A definição encerra as especulações sobre a data do evento. O partido havia reservado o Clube Internacional para duas possibilidades, dias 1º e 2 de agosto, mas optou pelo primeiro dia em razão da convenção nacional do PT, marcada para 2 de agosto, em São Paulo. Na ocasião, serão homologadas as candidaturas do presidente Luiz Inácio Lula da Silva à reeleição e do vice-presidente Geraldo Alckmin, filiado ao PSB.

Além de disputar o Governo de Pernambuco, João Campos também exerce a presidência nacional do PSB e participará da convenção petista ao lado de Lula e das principais lideranças da base governista.

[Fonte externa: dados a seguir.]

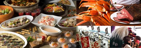 大人気のアメリカンローストビーフや、冷製ボイルズワイガニ、チョコと抹茶のバームクーヘンに加え、お正月らしくお餅を使ったもち餃子のスープ仕立てなど、お子様からご年配の方までお喜び頂ける多彩なメニューをご用意しております。
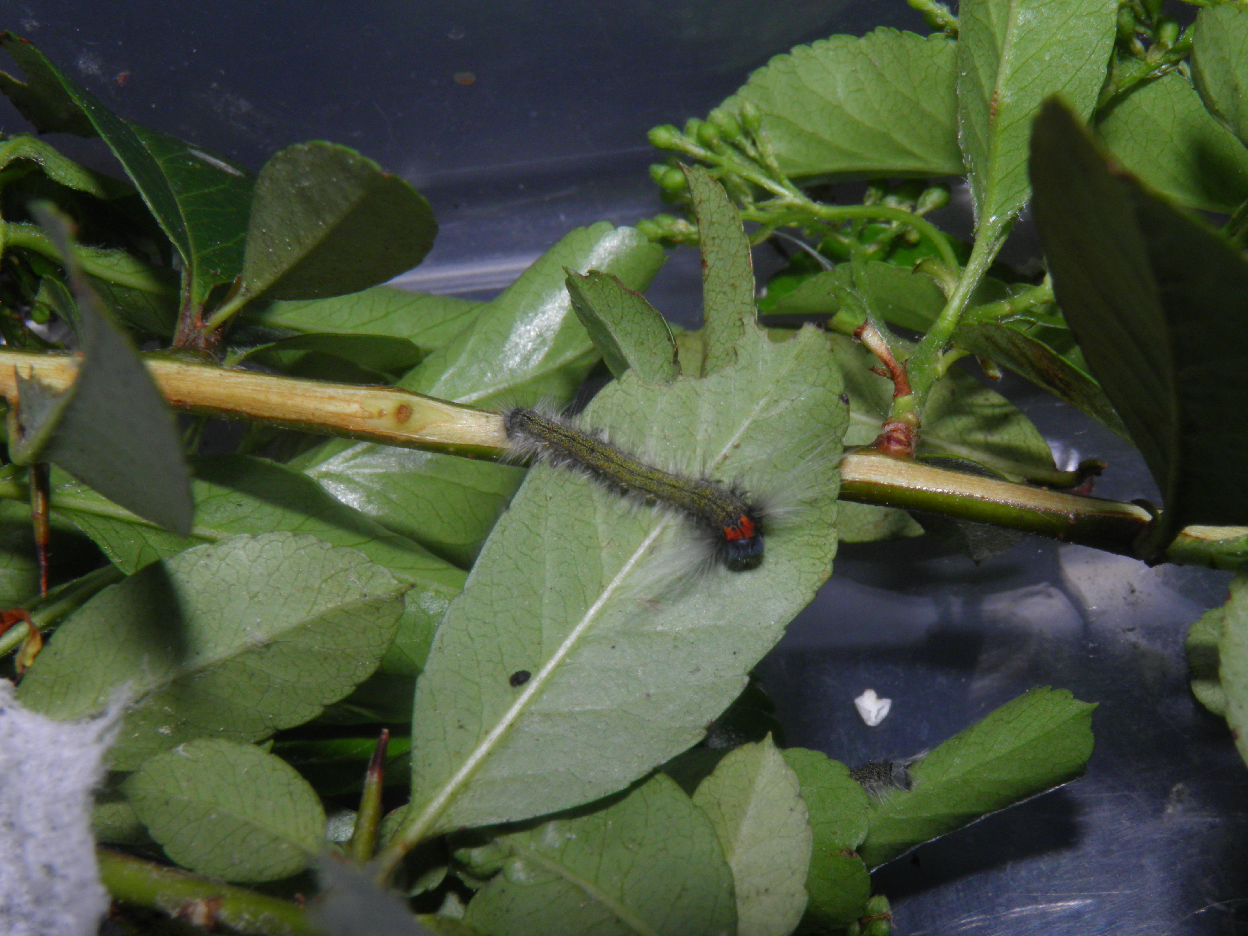 The third instar is very similar to the second instar and shows the same red markings (although reduced), blue head capsule. However, the third instar seems to be more polyphagous: they accepted Quercus (oak) and Rubus (bramble) while the first and second instar did not. Perhaps, as they mature, they become more ‘open minded’ and exihibit a higher degree of polyphagy. The first three instars can be raised in plastic boxes without much problems, they seem relatively tolerant of less ventilation and higher humidity.

Segundo a direção nacional do PSB, a escolha da data atendeu a um pedido do próprio presidente Lula. A legenda é considerada pelo Palácio do Planalto um dos principais pilares da aliança que sustenta a candidatura presidencial, desempenhando papel estratégico na construção dos palanques estaduais.

Em diversos estados brasileiros, o PSB lançará candidaturas próprias alinhadas ao projeto de Lula ou apoiará candidatos do PT e de partidos aliados. De acordo com a sigla, essa articulação deverá ocorrer em cerca de 20 estados, reforçando a estratégia de fortalecimento da coligação nacional.

Durante a convenção da Federação Brasil da Esperança (PT, PV e PCdoB), realizada na segunda-feira (20), João Campos destacou a importância da unidade das forças políticas que apoiam Lula. O socialista afirmou que sua candidatura ao Governo de Pernambuco também tem como objetivo consolidar um palanque forte para o presidente no Estado durante a campanha eleitoral de 2026.

A convenção do PSB marcará oficialmente o início da caminhada eleitoral de João Campos em Pernambuco, reunindo lideranças estaduais, prefeitos, vereadores, deputados e representantes dos partidos que integram sua base de apoio. O evento deverá reunir ainda dirigentes nacionais da legenda e aliados políticos que compõem o campo governista.

FLÁVIO BOLSONARO RECUSA ESCOLTA DA PF DURANTE A CAMPANHA E ALEGA RISCO DE "INFILTRAÇÃO"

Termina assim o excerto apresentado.